The self-attention mechanism will be explained first. The self-attention mechanism is one of the attention mechanisms, and can realize a feature transformation vector F _w The relevance among all vectors is established by autonomous learning among all the vectors, and the vectors with higher relevance are focused further. At present, matrix calculation can be performed based on Query vectors (Q vectors for short), Key vectors (K vectors for short), and Value vectors (V vectors for short), so as to implement a self-attention mechanism. The Q vector, the K vector, and the V vector may be obtained by multiplying the input vector I by different coefficients, for example, the Q vector, the K vector, and the V vector corresponding to the input vector I satisfy the following equations (4) to (6), respectively:

Q＝W ^q ·I (4)

K＝W ^k ·I (5)

V＝W ^V ·I (6)

wherein, W ^q 、W ^k 、W ^V Respectively, the coefficients of different vectors.

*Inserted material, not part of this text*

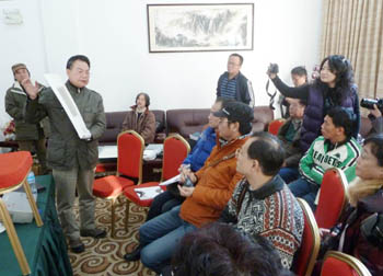 來(lái)自臺(tái)灣的呂良遠(yuǎn)近日在廈門鼓浪嶼一小型沙龍上,向大陸準(zhǔn)備進(jìn)入藝術(shù)品市場(chǎng)的潛在藏家講授攝影收藏的基本知識(shí)。曾璜攝(中國(guó)特稿社) |

The above-described self-attention mechanism is implemented based only on the vector of the inputs. In the embodiment of the application, the presenting effect of the target face image can be further improved, so that the target face image is presented more vividly. The feature transformation vector is reconstructed by using the depth information of the face image (such as the depth image of the face image), so that the reconstructed feature transformation vector can contain more depth information of the face, and the presentation effect of the target face image is improved.

Referring to FIG. 4, the attention unit 124 may be implemented by a depth encoder ε _d Depth image D corresponding to face image _s Depth feature vector F is obtained by depth feature mapping _d And mapping the obtained depth feature vector F _d Convolution is carried out to obtain a vector F _q Corresponding to the above Q vectorVector F _q The geometric characteristics of the face image are reflected; also, the attention unit 124 transforms the vector F according to the feature of the face image under the driving image _w Separately convolved to obtain a vector F _k (corresponding to the above K vector) and vector F _v (corresponding to the V vector). Note that the present application is not limited to the structure of the convolutional layer in any of the above convolution processes, and 1 × 1 convolutional layer may be sampled in the above convolution process in general.

Continuing with the above example, the attention unit 124 may perform feature fusion on the Q vector and the K vector to obtain a depth feature vector F _d And feature transform vector F _w The similarity vector a between them is also called similarity matrix. Further, the attention unit 124 may perform feature fusion on the similarity vector a and the V vector to obtain a reconstructed feature transformation vector F _g 。

Referring to fig. 2, the video information generation component 120 may further include a decoder that may transform the vector F based on the features _g And constructing the image to obtain a target face image.

In some embodiments, video information generation component 120 may not include attention unit 124, in which case the decoder may transform vector F based on features _w And constructing the image to obtain a target face image.

Fig. 5 is a schematic diagram of a model training apparatus according to an embodiment of the present disclosure. As shown in fig. 5, the training apparatus 200 for the model includes: a sample acquisition unit 210 and a training unit 220. A sample acquisition unit 210 for acquiring a first video sample presenting dynamic expression information of a face; a training unit 220, configured to perform iterative training of a model according to the image frames in the first video sample, until a value of the loss function converges to a preset value, to obtain a depth recognition model; in the ith iterative training process, inputting an ith image frame into an initial recognition model to obtain a depth image of the ith image frame, wherein i is a positive integer; determining a loss function value of the initial recognition model under the ith iterative training according to the depth image of the ith image frame and the (i + n) th image frame, wherein n is a positive integer; the depth recognition model is used for recognizing a depth image of an image to be recognized, and the depth image is used for reflecting the three-dimensional geometric shape of a visible surface in the image to be recognized.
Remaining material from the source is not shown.